### The problem
Copy the entries exactly. Leave out any pictures.

Records contained in a dataset:
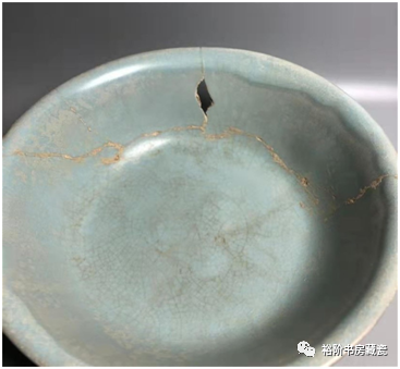 汝窑天青釉碗修复件有明显的“回头釉”现象,私人收藏。
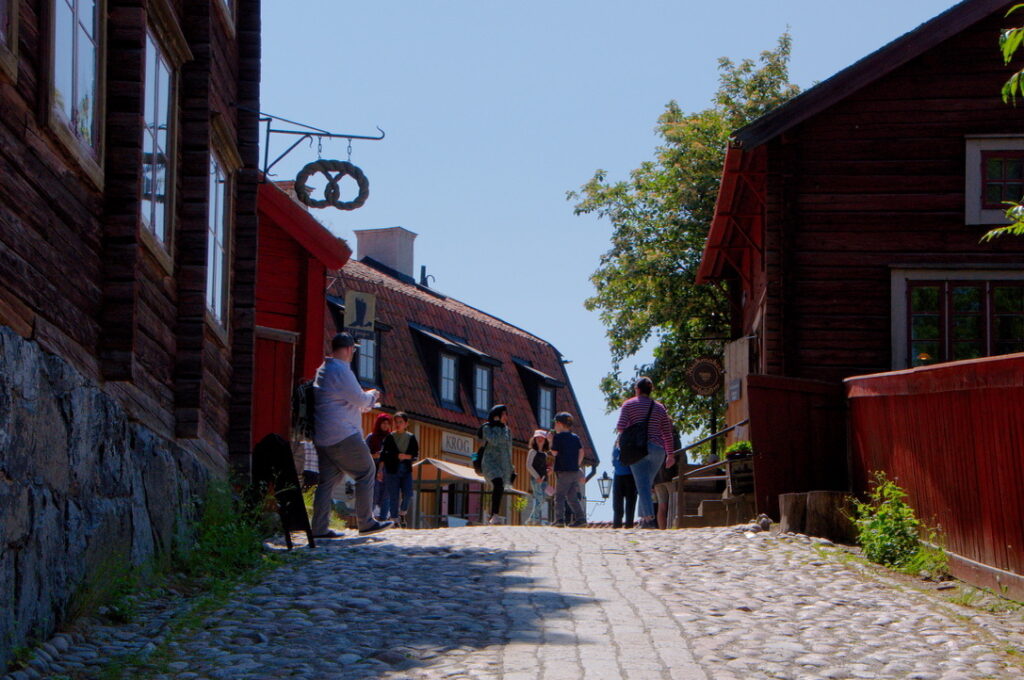 スウェーデンの首都ストックホルムの大きな部分は幾つもの島が集合した群島です。その一つ、ユールゴーデン島にスカンセン(Skansen)という博物館があります。スカンセンは世界初の野外博物館で、工業化前のスウェーデンの暮らしを再現するととともに、動物園や水族館なども備えています。中でも最も見どころなのが工房町です。
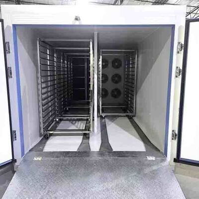 2. مهندسی شده برای خشک کردن یکنواخت: دارای یک سیستم گردش هوای با حجم بالا است که توسط مجموعهای از 6 فن سنگین که 3000-4500 متر مکعب در ساعت جریان هوای مداوم تولید میکنند، تغذیه میشود. کانالهای کف آیرودینامیکی هوای خشک را به طور مساوی در تمام 180 سینی به طور همزمان عبور میدهند و از کپک موضعی یا خشک شدن ناکافی جلوگیری میکنند.
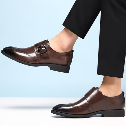 Men's Classic Strap Slip On Comfortable Leather Pointed Toe with Buckle, Non-Slip Oxford Shoes Business Work Dress Shoes 6
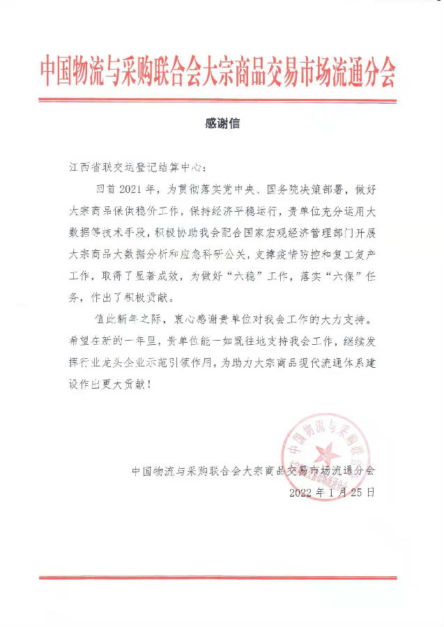 新春佳節來臨之際,江西聯交運連續收獲兩(liǎng)封來自江西省防範和處置非法集資工作領導小組辦公室和中國(guó)物流與采購聯合會(huì)大宗商品交易市場流通分會(huì)的《感謝信》,分别對(duì)公司長(cháng)期以來助力我省防範和處置非法集資工作,保障地方金融穩定以及協助維護大宗商品産業鏈供應鏈穩定,促進(jìn)實體經(jīng)濟高質量發(fā)展等方面(miàn)作出的積極貢獻表達肯定和真誠感謝。

### Worked solution
 汝窑天青釉碗修复件有明显的“回头釉”现象,私人收藏。
 スウェーデンの首都ストックホルムの大きな部分は幾つもの島が集合した群島です。その一つ、ユールゴーデン島にスカンセン(Skansen)という博物館があります。スカンセンは世界初の野外博物館で、工業化前のスウェーデンの暮らしを再現するととともに、動物園や水族館なども備えています。中でも最も見どころなのが工房町です。
 2. مهندسی شده برای خشک کردن یکنواخت: دارای یک سیستم گردش هوای با حجم بالا است که توسط مجموعهای از 6 فن سنگین که 3000-4500 متر مکعب در ساعت جریان هوای مداوم تولید میکنند، تغذیه میشود. کانالهای کف آیرودینامیکی هوای خشک را به طور مساوی در تمام 180 سینی به طور همزمان عبور میدهند و از کپک موضعی یا خشک شدن ناکافی جلوگیری میکنند.
 Men's Classic Strap Slip On Comfortable Leather Pointed Toe with Buckle, Non-Slip Oxford Shoes Business Work Dress Shoes 6
 新春佳節來臨之際,江西聯交運連續收獲兩(liǎng)封來自江西省防範和處置非法集資工作領導小組辦公室和中國(guó)物流與采購聯合會(huì)大宗商品交易市場流通分會(huì)的《感謝信》,分别對(duì)公司長(cháng)期以來助力我省防範和處置非法集資工作,保障地方金融穩定以及協助維護大宗商品産業鏈供應鏈穩定,促進(jìn)實體經(jīng)濟高質量發(fā)展等方面(miàn)作出的積極貢獻表達肯定和真誠感謝。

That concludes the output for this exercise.